How to Plan Balanced Meals
Coming up with shopping lists that include foods from all the food groups can seem like an endless process. To keep meal planning interesting and easy while providing balanced meals the whole family will enjoy, try asking yourself these questions:
- What season is it? In summer your family might tend to do more grilling and in winter more stews and casseroles.
- What do we have in the pantry? Try to keep the cupboards, refrigerator and freezer full of nutrient-rich foods.
Using these questions, come up with a few entree ideas for the week and create a shopping list to accommodate the menu and fill up the pantry.
Balanced meals include one food from each food group- Milk & Milk Products; Vegetables; Fruits; Grains and Meat & Beans. The new MyPlate icon is a good representation of a balanced meal because all five food groups are included. When planning a meal, try to include "five of five." Here are a few examples of how to do it:
- Spaghetti is a frequent menu item for many families. Spaghetti includes ground meat, vegetables (onion, mushrooms and marinara sauce) and grains (spaghetti). What food groups are missing? Milk and Fruit. Pour milk to drink and add a fruit salad (maybe even as dessert) for a balanced, nutrient-rich family meal.

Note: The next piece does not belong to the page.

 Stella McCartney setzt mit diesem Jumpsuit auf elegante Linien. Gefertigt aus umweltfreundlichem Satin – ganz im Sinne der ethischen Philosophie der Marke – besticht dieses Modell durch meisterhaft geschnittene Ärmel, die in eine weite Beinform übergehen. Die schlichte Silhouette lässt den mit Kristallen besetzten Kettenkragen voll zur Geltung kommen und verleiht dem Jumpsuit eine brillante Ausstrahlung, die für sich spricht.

- When the weather turns cold and the family meal menu includes Beef Stew with meat and vegetables, then balance the meal by serving dinner rolls (grains), sliced fruit (whatever is in season) and milk to drink.

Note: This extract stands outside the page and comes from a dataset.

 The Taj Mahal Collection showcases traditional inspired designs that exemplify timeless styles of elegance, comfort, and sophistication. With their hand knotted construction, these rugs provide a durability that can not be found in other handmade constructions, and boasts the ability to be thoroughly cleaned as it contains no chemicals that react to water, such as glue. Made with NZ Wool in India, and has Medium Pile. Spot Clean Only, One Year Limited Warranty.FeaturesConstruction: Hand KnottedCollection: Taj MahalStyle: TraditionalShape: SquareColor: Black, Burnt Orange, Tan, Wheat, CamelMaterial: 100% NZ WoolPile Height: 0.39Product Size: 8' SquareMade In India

- If you're serving oatmeal made with milk for breakfast, then consider adding yogurt and fruit to add flavor to the oatmeal, and maybe a hard cooked egg to boost the protein. Another option would be to add a scrambled egg with salsa.
- When deli sandwiches are on the menu for lunch, add cheese to the sandwich, a side of fruit and baby carrots.
By taking a balanced approach to planning meals you make sure your family is getting adequate nutrition. When options from every food group are available at every meal, then even picky eaters are likely to find something they will want to eat. As children get older, use the balanced meal approach to add more interest and variety to your healthy family meals. For example, try adding more vegetables into a casserole or adding fruit into a quesadilla or green salad.
Does every meal need to be perfectly balanced? Of course not. However, this rule of thumb for menu planning is a simple way to plan healthy family meals.
Check your cart while you are still in the grocery store. Do you have foods from all five food groups?